Apache Iceberg 1.11.0 Release: Deletion Vectors, Variant Type, and V3 Maturity

The Apache Iceberg community has officially rolled out version 1.11.0, and it marks a massive architectural milestone. While prior releases laid the groundwork for the V3 specification, this release is the signal that these advanced features are hardened, stabilized, and ready for high-scale enterprise production.

If you are running large-scale data lakehouses, you are likely intimately familiar with the operational pain points of the past: positional delete bloat, the headache of semi-structured data performance, and rigid ecosystem file formats.

This release systematically targets those bottlenecks. Let's break down exactly what has changed under the hood, how it plays out in your Spark pipelines, and what it looks like in practice.

Deletion Vectors Ready for Prime Time

If you run high-frequency transactional workloads-like streaming ingest, CDC pipelines, or heavy MERGE INTO operations-on Iceberg v2 tables, you have probably run into the dreaded positional delete file accumulation problem.

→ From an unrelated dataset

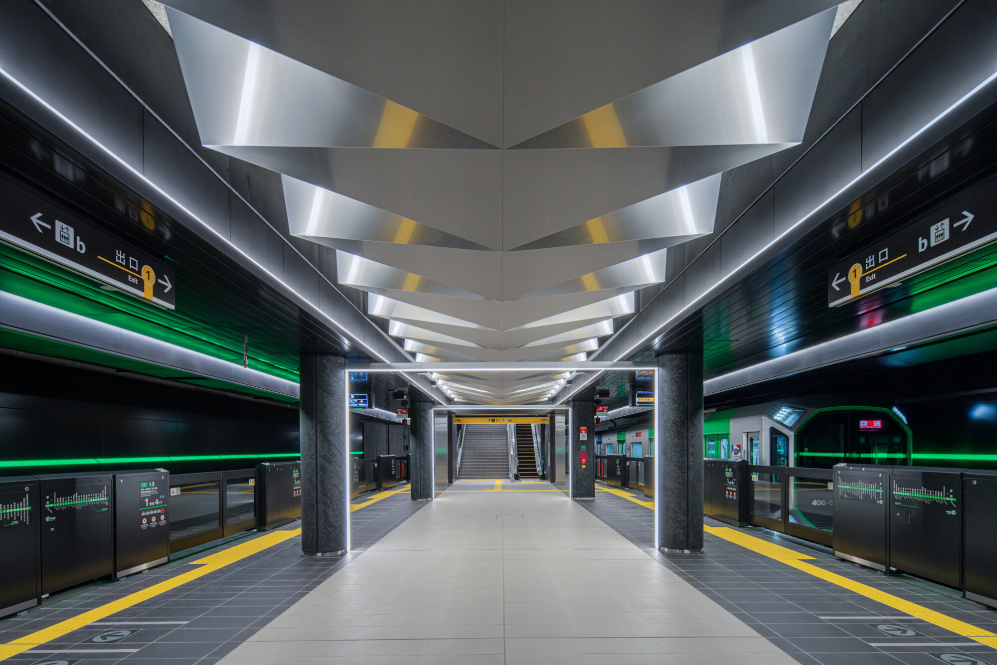 安井建築設計事務所の栗山純子さんは、夢洲駅の設計思想を紹介。日本の文化や技術を織り交ぜた空間構成で駅自体を“パビリオン”と位置づけた計画であり、鉄道の運行ダイヤ図と折り紙をモチーフにした天井デザインや時間帯に合わせ色温度を変化させる照明、サイネージの演出が一体となり、訪れる人に「劇場のような体験」を提供していること、さらに改札口付近には、将来のIRエリアへ接続する通路を備えていることなどを紹介されました。

In the traditional Merge-on-Read (MoR) model, every single row-level update or delete generates a positional delete file. Over time, a single data file can end up tied to dozens of small fractional delete files. At read time, Spark has to open, read, and cross-reference all of these files just to mask out the deleted rows. This causes painful query degradation and massive metadata overhead until a heavy compaction job can finally clean it up.

Iceberg 1.11.0 stabilizes Deletion Vectors (DVs) to eliminate this exact issue. Instead of writing separate, fragmented delete files, the engine utilizes a highly compressed Roaring bitmap stored within a Puffin file format.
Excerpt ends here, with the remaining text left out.